EXERCISE AIM: Quote word for word from the line holding "- ↑ Nephron, English: Very" to the last line below, including both, and omit any pictures.

━━ SUPPLIED MATERIAL

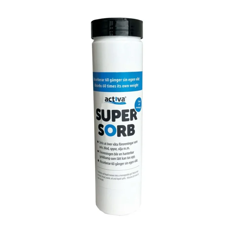 Hell Activa SuperSorb over væsken, middelet absorberer væsken og gjør den om til håndterbar gelé som enkelt kan feies opp. Strøs ut over våte forurensninger som urin, blod, oppkast, olje osv. Forurensningen blir til en håndterbar gelékule som enkelt kan fjernes Absorberer 60 ganger sin egen vekt 350gr EUH208 Inneholder 3-jod-2-propynylbutylkarbamat, Limonene, Liinalool. Kan gi en allergisk reaksjon.
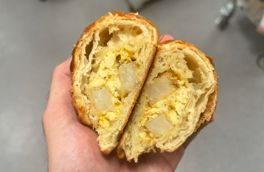 Homemade buttered croissant stuffed with cage-free scrambled eggs, diced roasted potatoes & cheddar cheese
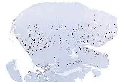- ↑ Nephron, English: Very low magnification micrograph of cerebral amyloid angiopathy with senile plaques in the cerebral cortex consistent of amyloid beta, as may be seen in Alzheimer disease. Amyloid beta immunostain., retrieved 2022-05-27
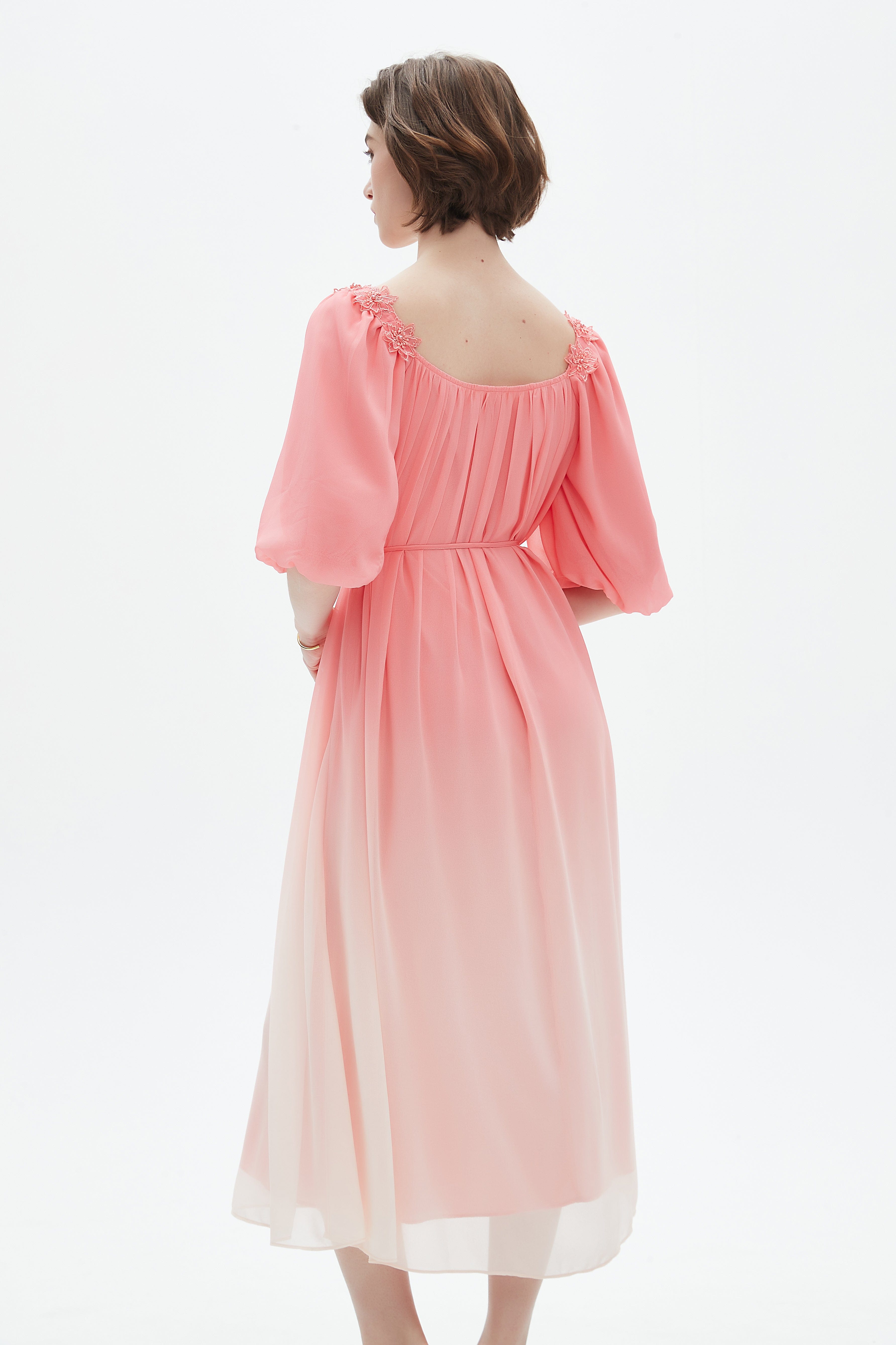 فستان ميدي نصف كم مكشكش ورقبة واسعة

━━━━

RESULT:
- ↑ Nephron, English: Very low magnification micrograph of cerebral amyloid angiopathy with senile plaques in the cerebral cortex consistent of amyloid beta, as may be seen in Alzheimer disease. Amyloid beta immunostain., retrieved 2022-05-27
 فستان ميدي نصف كم مكشكش ورقبة واسعة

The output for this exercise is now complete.